Micro-C Comparative Analyses

Introduction

Biological questions are seldom answered by analysing single samples in isolation. It is often the case that an experiment aims to make comparisons between two (or more) biological conditions, such as:

Untreated wild type vs treatment
Wild type vs knockout
Normal sample vs tumor

In all cases the goal is to produce a list of differentially interacting regions in one condition relative to the other. The main output for comparative analses is analogous to what is expeected for differential gene expression, where the primary result is a table of regions, the fold change between conditions, and a statistical measure of signficance. For Micro-C, we aim to identify regions of differential interaction directly from the matrix files. See previous steps to generate the required matrices for differential analysis.

Figure 1:

Differential Analysis

Question: How do I perform differential analyses for Micro-C experiments?

Process: Mcool files are first converted to text files of a perferred resolution, and then used as input to the HiCcompare algorithm.

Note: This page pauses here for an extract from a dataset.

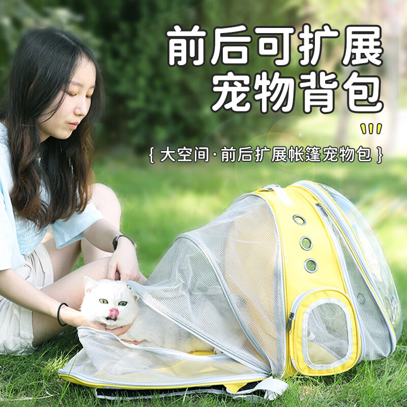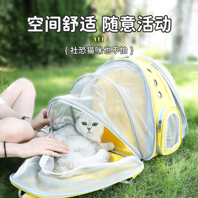 宠有为可拓展猫包外出便携加大大容量宠物包双肩透明狗狗背包手提透气猫 靓黄约【33*43*54cm】 约【33*43*54cm】
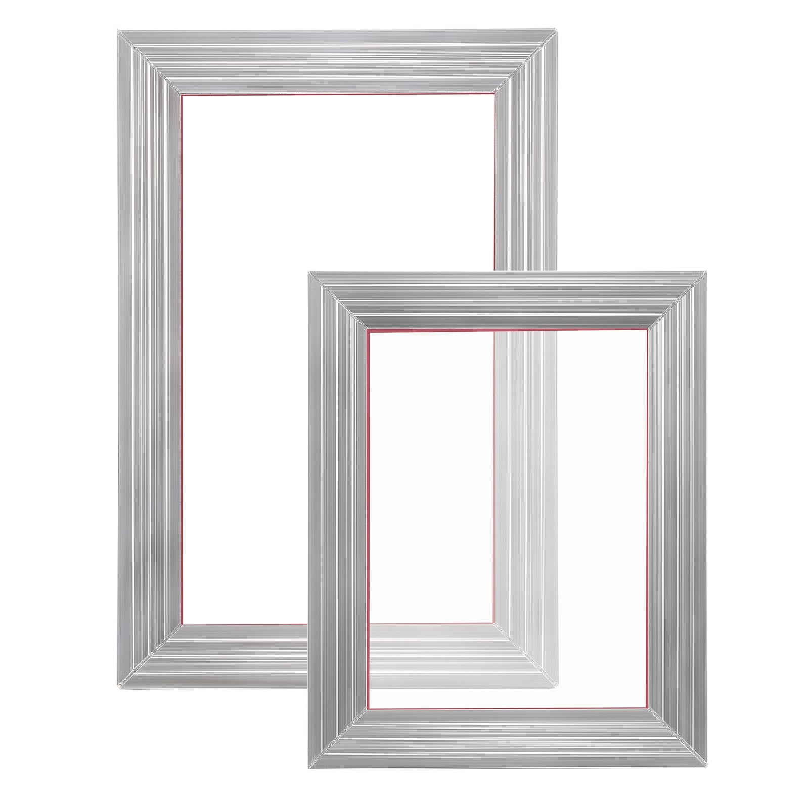 Complete screen printing kit with aluminum frames, 110 mesh screens, squeegees, tapes, and transparency films for versatile DIY projects.

Results: Final results consist of a table of differentially interacting regions, fold change, and measure of statistical signficance.

Files and tools needed:

.cool, .mcool, .hic, or Hic-Pro files for each replicate and sample condition
HiCcompare for single-replicate analysis or multiHiCcompare for multiple replicate experiments.

As the design of differential analysis experiments are unique to each biological question, there are multiple possibilites for how the analysis can be set up. A common scenario is to compare two conditions where each condition has two replicates, and is described in the multiHiCcompare vignette. The HiCcompare package also contains functions for conversion of various input files

Interpreting results:

Micro-C differential analysis produces a number of intermediate files in addition to the final results table. There are two main outputs to consider:

MD normalization plots
Differential regions table

MD is a concept introduced by the HiCcompare developers and is analogous to the Tukey’s mean/difference plot. M corresponds to the log2 fold change between the two conditions, and D is the distance between the two interacting regions. Loess normalization aims to eliminate the bias introduced by the influence of interaction distance on fold change bewteen two conditions. It is often useful to visualize the effect of normalization between conditions to ensure the data is appropriate for downstream difference detection. An example effect of normalization is given below:

Figure 2:

For difference deteciton, the resulting output file is highly similar to what is expected for gene expression studies, where regions are listed and prioritized by a combination of fold change and a measure of statistical signficance. Below is an example output from HicCompare:

chr1	start1	end1	chr2	start2	end2	IF1	IF2	M	adj.IF1	adj.IF2	adj.M	mc	A	Z	p.value	p.adj
chr1	10000	11000	chr1	10000	11000	15	1	-3.907	14.207	1.056	-3.750	-0.157	7.631	-3.603	0.000	0.736
chr1	16000	17000	chr1	16000	17000	6	2	-1.585	5.683	2.112	-1.428	-0.157	3.897	-1.291	0.197	0.863
chr1	17000	18000	chr1	17000	18000	6	3	-1.000	5.683	3.167	-0.843	-0.157	4.425	-0.708	0.479	0.904
chr1	22000	23000	chr1	22000	23000	3	1	-1.585	2.841	1.056	-1.428	-0.157	1.949	NA	1.000	1.000
chr1	24000	25000	chr1	24000	25000	1	1	0.000	0.947	1.056	0.157	-0.157	1.001	NA	1.000	1.000
chr1	27000	28000	chr1	27000	28000	2	2	0.000	1.894	2.112	0.157	-0.157	2.003	0.288	0.773	0.904
chr1	28000	29000	chr1	28000	29000	1	1	0.000	0.947	1.056	0.157	-0.157	1.001	NA	1.000	1.000
chr1	31000	32000	chr1	31000	32000	4	1	-2.000	3.788	1.056	-1.843	-0.157	2.422	-1.704	0.088	0.863
chr1	36000	37000	chr1	36000	37000	2	1	-1.000	1.894	1.056	-0.843	-0.157	1.475	NA	1.000	1.000

The most relevant fields from the output will be:

adj.M – the log fold change in coverage between the two conditions
p.adj – a p-value, after correction for multiple hypothesis testing, on the statistical signficance of the observed fold change

Considerations:

Replication – It is generally advisable to have technical replicates for differential analyses, as this will produce more statistically robust results.